Super Meat Boy Forever Plants the Seeds of Freedom with a Unique Approach to Level Design

It’s been nine years since the release of Super Meat Boy. Once considered a pillar establishing what we now label as “indie gaming,” the Flash-cum-PC title combined a quirky premise and art style with absolutely punishing gameplay, which turned out to be a winning combination.
Fast forward almost a decade. Super Meat Boy Forever is back and hoping to pick up right where it left off. And this time, it’s competing with better versions of itself. In the time it’s been out of the spotlight, dozens of games inspired by Super Meat Boy have come and gone, and by now, there’s no longer a novelty behind what made the game tick. I myself missed out the first time around, as I was busy with other games when Super Meat Boy was in its heyday. With an oversaturated market and a bevy of popular imitators to contend with, can it still hold its own?

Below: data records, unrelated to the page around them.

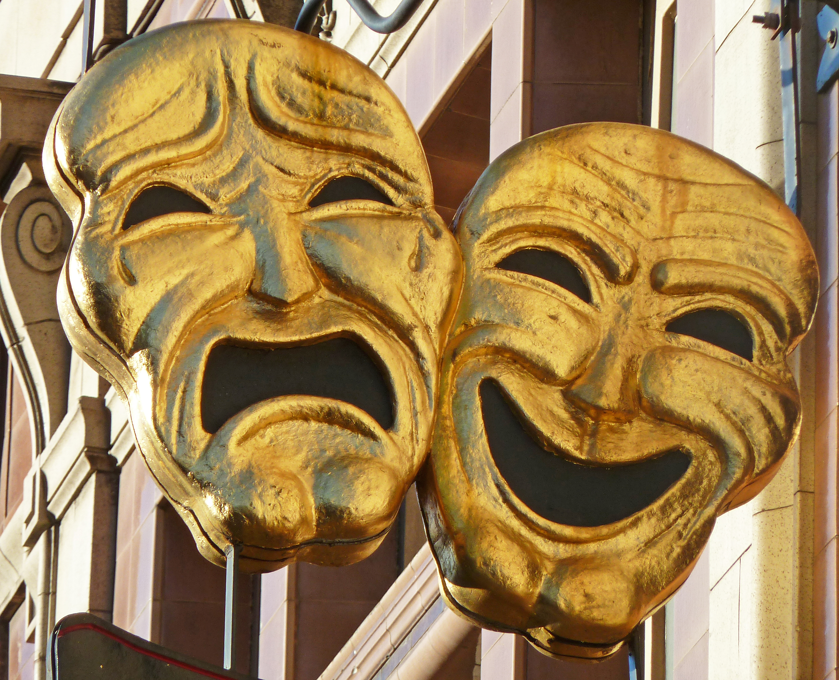 Scarbrough Hotel, Bishopgate, Leeds
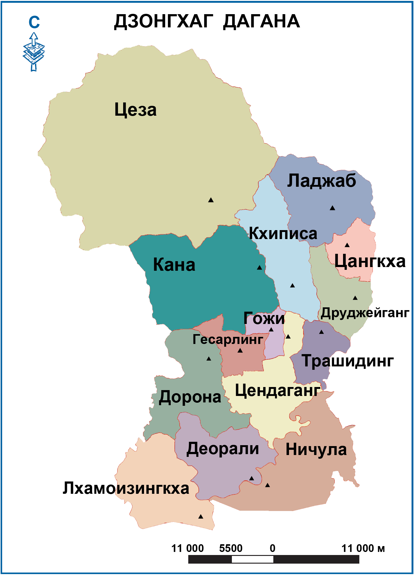 Dagana District map, Bhutan, 2011
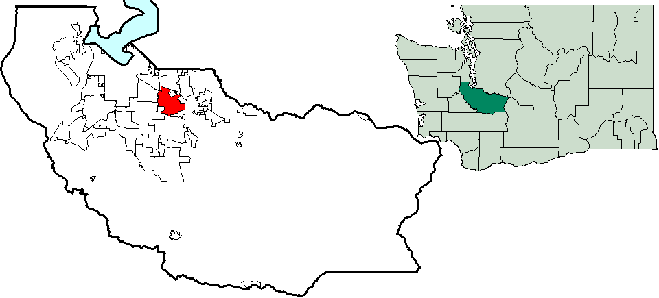 Map of Puyallup, Washington within Pierce County, with county highlighted on Washington map. Created by Locke Cole from United States Census Bureau maps (with inspiraton from Tradnor). Commons:Category:Pierce County, Washington
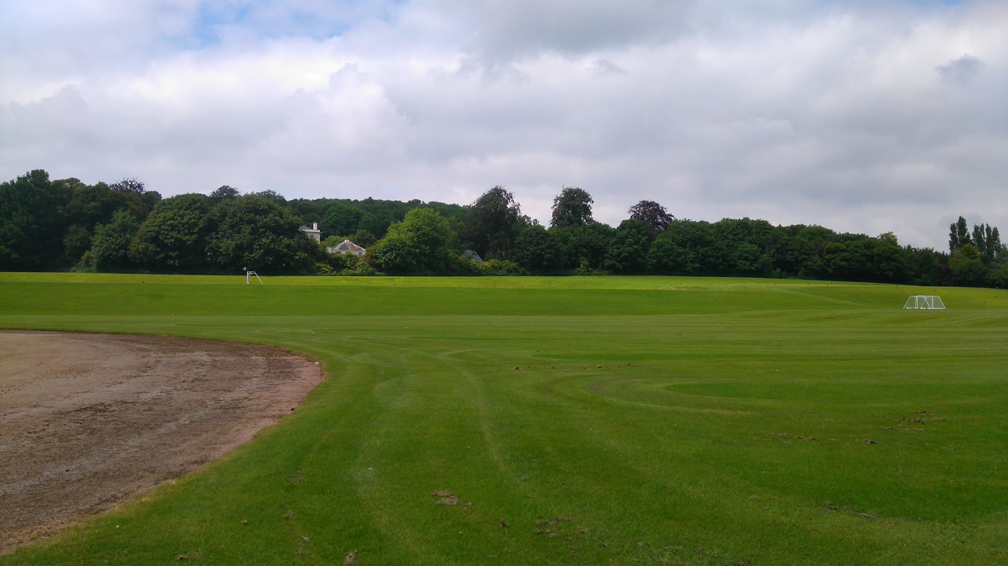 Section of the playing fields at Carlton le Willows Academy, Nottinghamshire, England, UK.
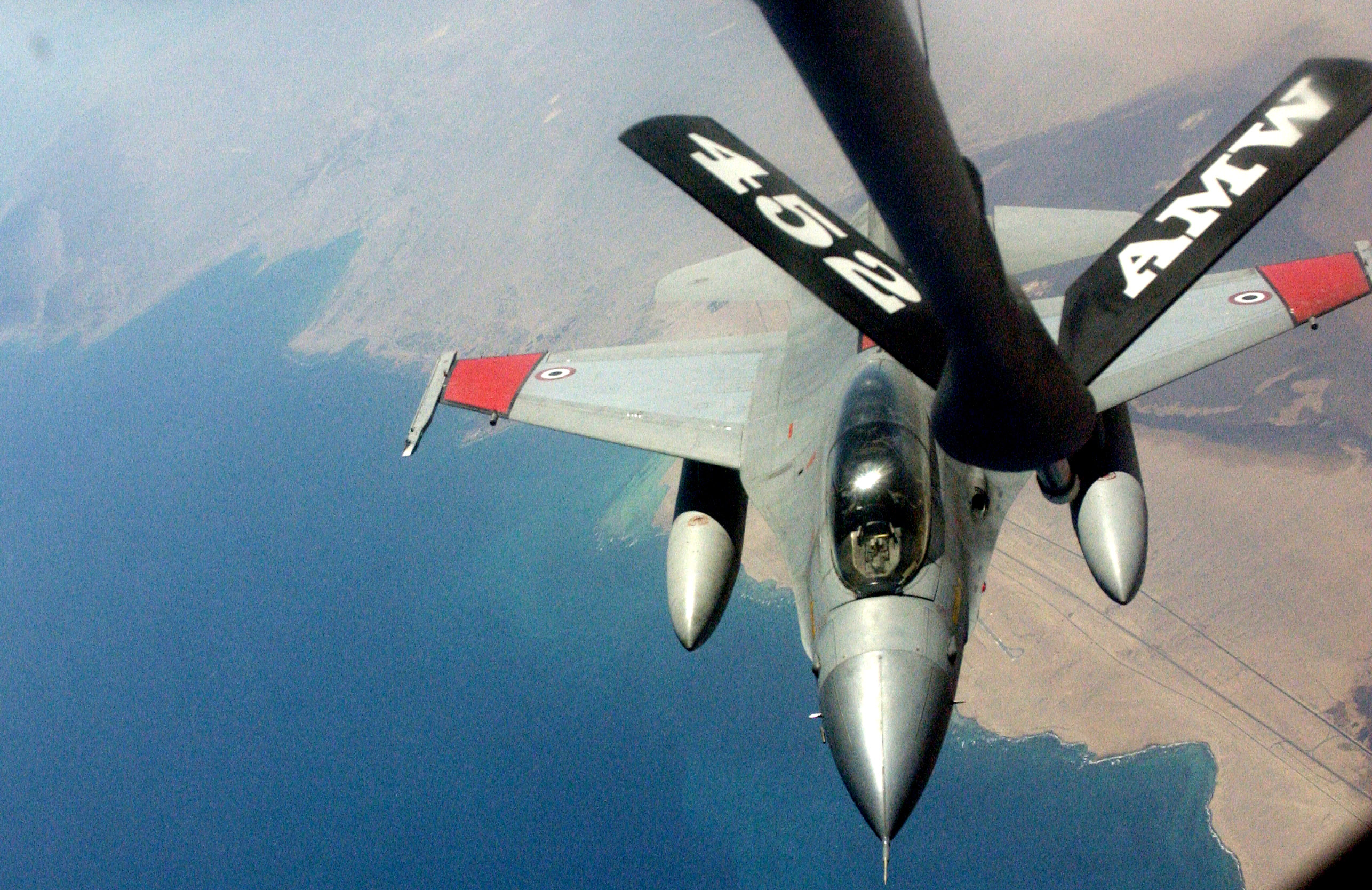 An Egyptian air force F-16 Fighting Falcon prepares to make contact with a KC-135 Stratotanker from March Air Reserve Base, Calif., during inflight refueling training. A contingent of reservists from the 336th Air Refueling Squadron at March ARB are providing aerial refueling training for Egyptian pilots.
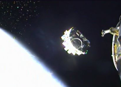 SpaceX's Falcon 9 rocket delivered the ABS 3A and EUTELSAT 115 West B satellites to a supersynchronous transfer orbit, launching from Space Launch Complex 40 at Cape Canaveral Air Force Station, Florida on Sunday, March 1, 2015 at 10:50pm ET.
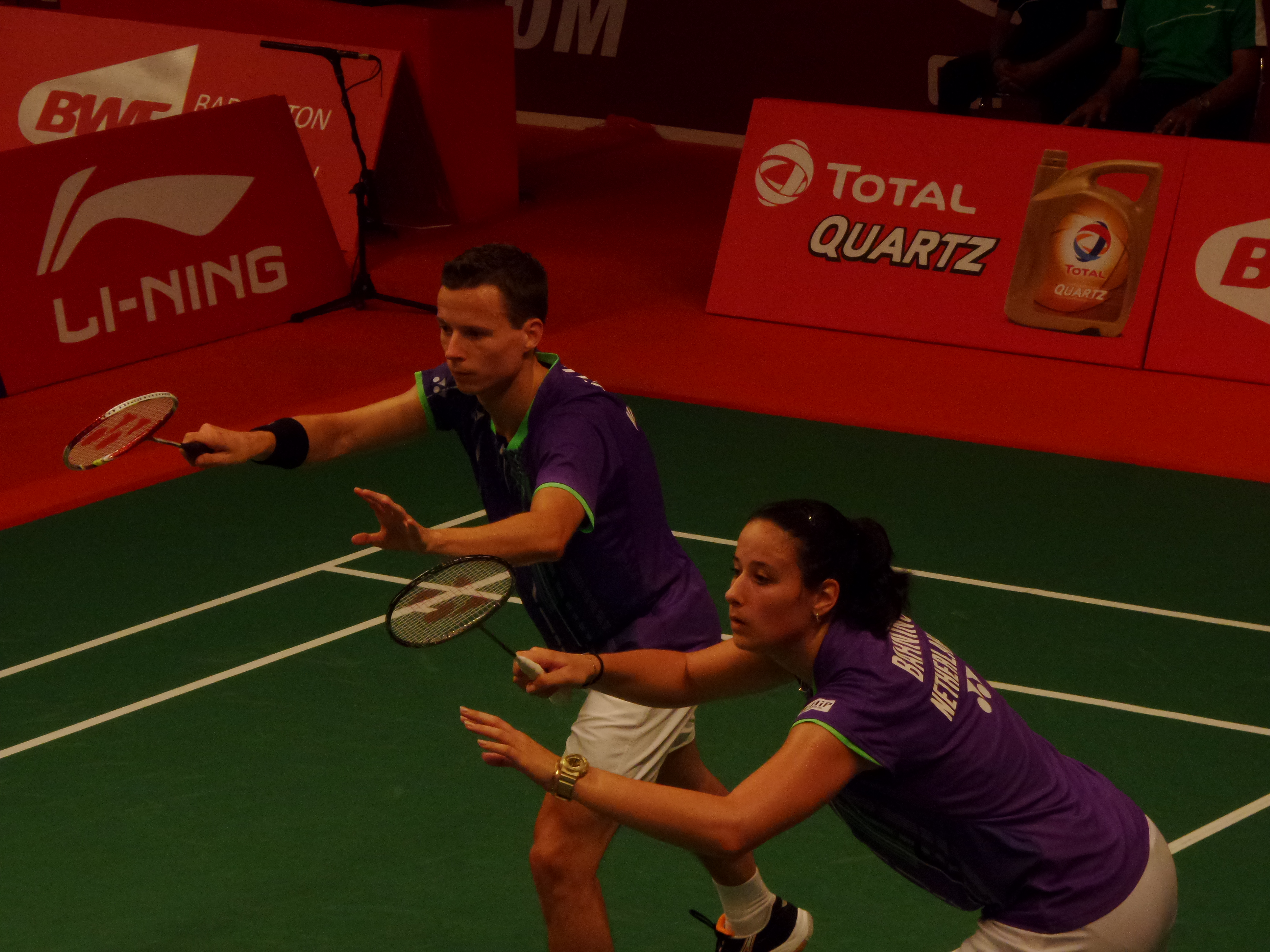 Jorrit de Ruiter and Samantha Barning in action during Day 2 of the 2015 BWF World Championships
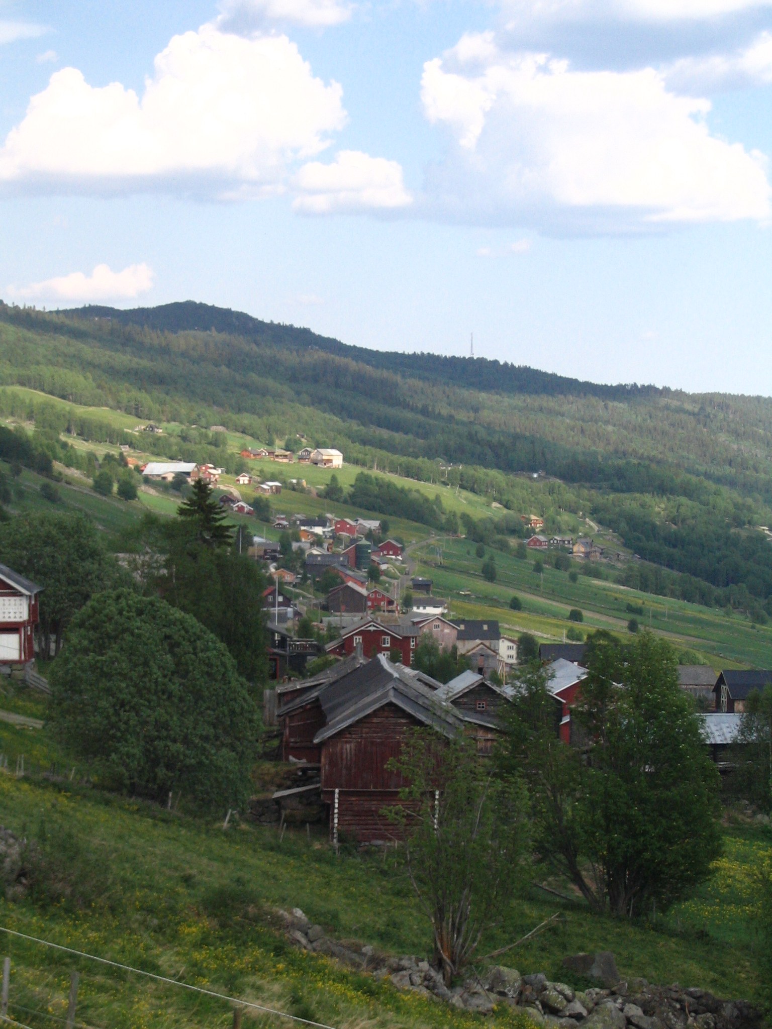 Small farms in the community of Leveld
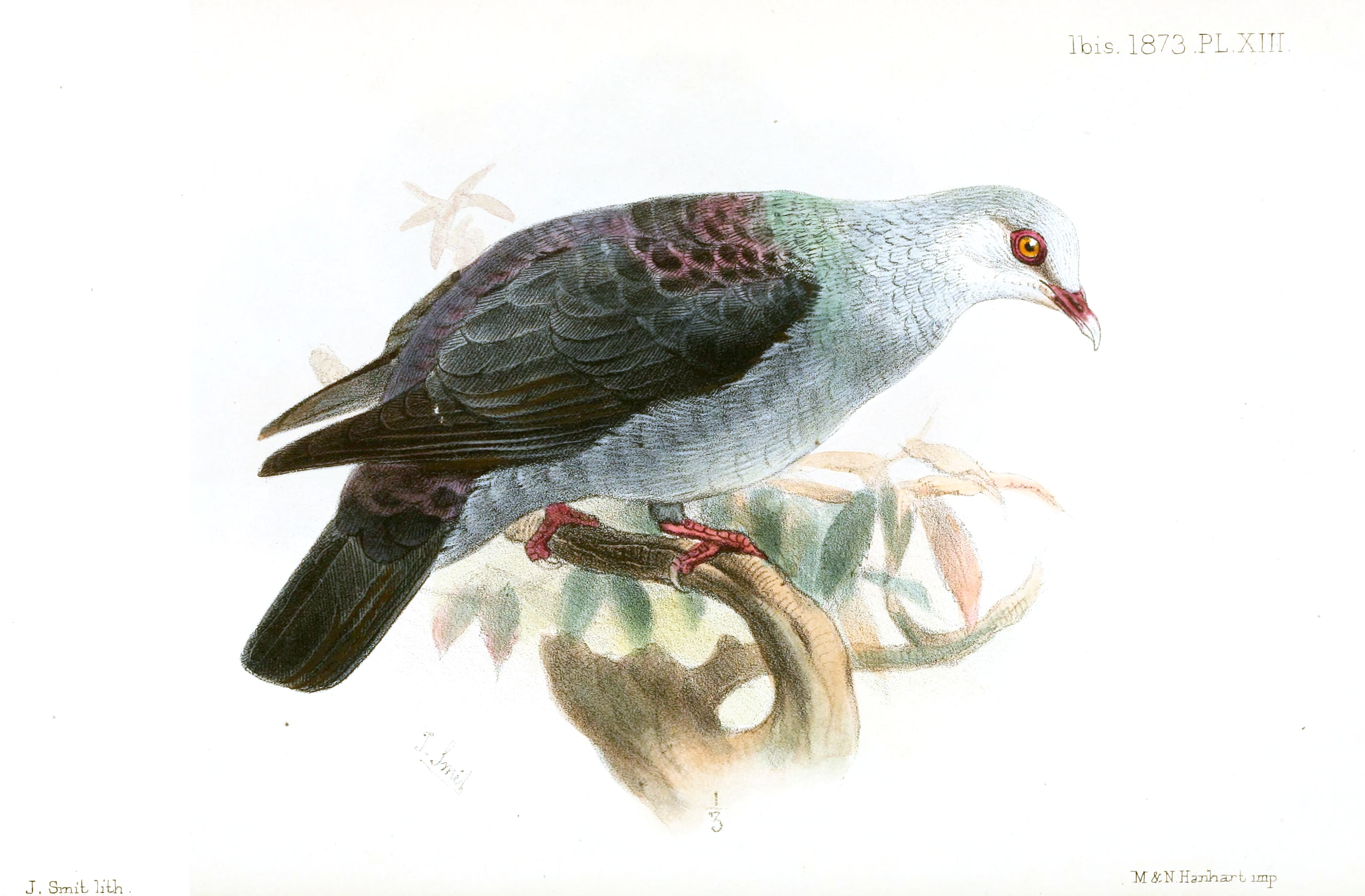 « Ianthoenas columboides » = Columba palumboides (Andaman Wood Pigeon)
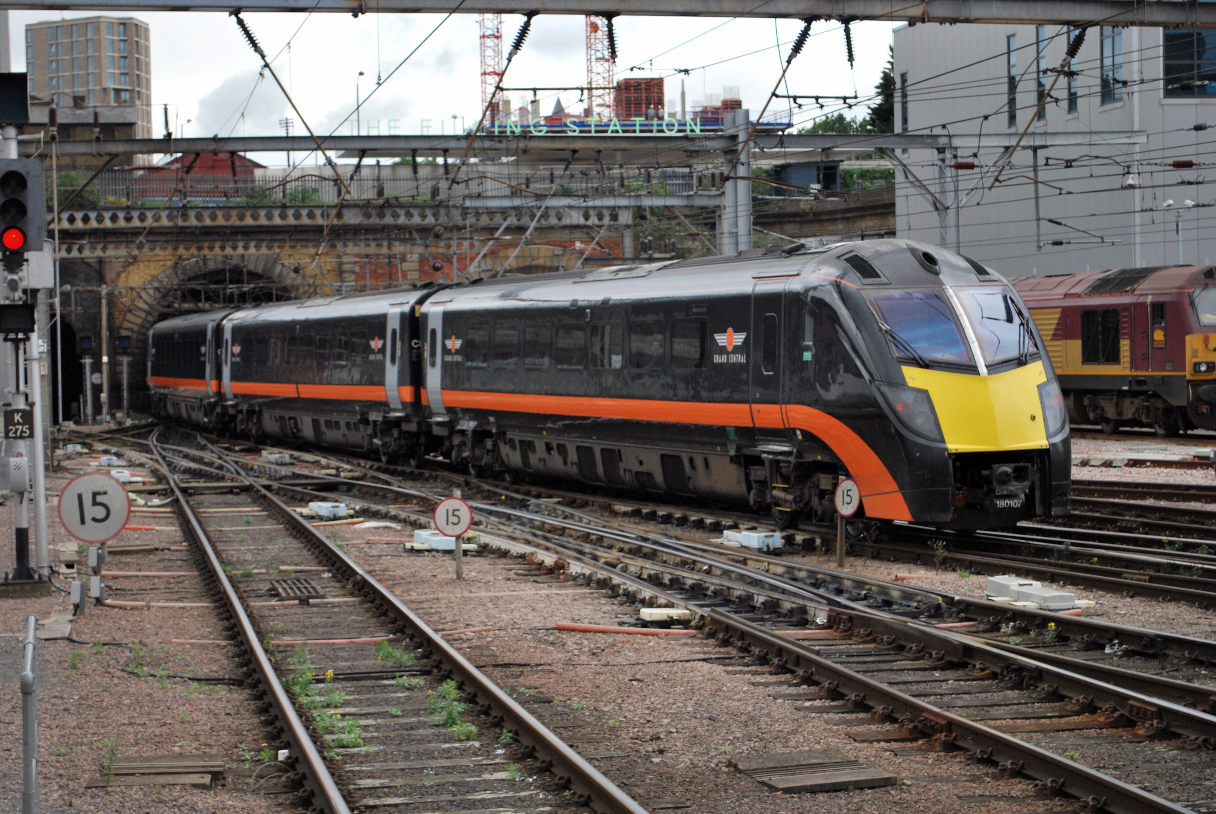 Alstom (Birmingham) Class 180 "Coradia" (ex-"Adelante") 5-car dmu No.180 107 "Hart of the North" of Grand Central in its livery arriving at King's Cross on a service from Bradford, 08/12.
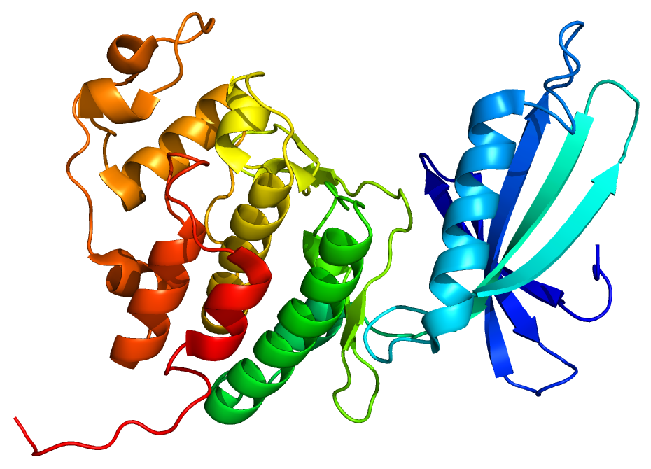 Structure of protein CDK4.Based on PyMOL rendering of PDB 1LD2.
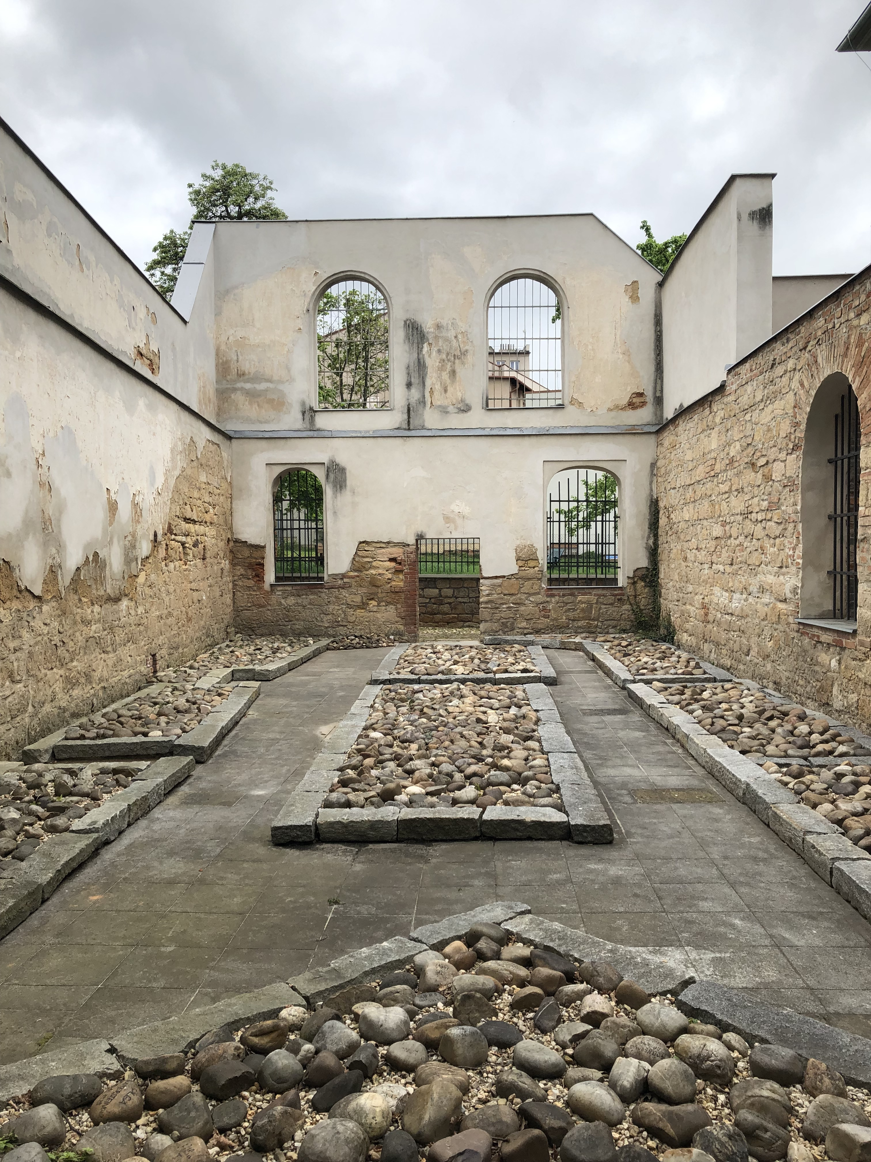 Old Synagogue Pilsen: Holocaust Memorial: view to the west.

Super Meat Boy Forever, as creative director Tommy Refenes tells me, boasts over 7000 levels, a feat made possible by the team’s use of “blocks”—that is, small chunks of arranged obstacles and environmental hazards that can be assembled in sequence to comprise the level. Refenes says this was in part to maintain a competitive edge in light of the changing indie landscape. “The landscape, 2010 vs. 2019, 2020 is insane,” he tells me at PAX West. “There’s so much good content, so many good games, it does feel a little bit like we gotta step it up a bit. Which is why we kinda went this direction because if we just would have done the exact same thing over again, it would have been a little boring.” Instead of being procedurally generated, each game save file itself has its own “seed,” a static and unchangeable level configuration that is unique to that save file. “Our thinking is, everyone will see these different levels and different orders and everything if they’re playing through the game enough. It’s a different way to present Meat Boy and get people back to playing it. You can share your level seeds with people so you can be like, ‘Oh, we’re gonna run this seed’ or something like that, like the daily runs on Spelunky.”
The seed factor makes it easy to imagine a whole new streaming audience around the series. Refenes, however, says this was not a deliberate factor in the game’s design. “I think that’s just a nice perk. Because first and foremost it was like, ‘let’s make something fun and different.’ And if the streaming audience comes from that, awesome. But if it doesn’t, okay.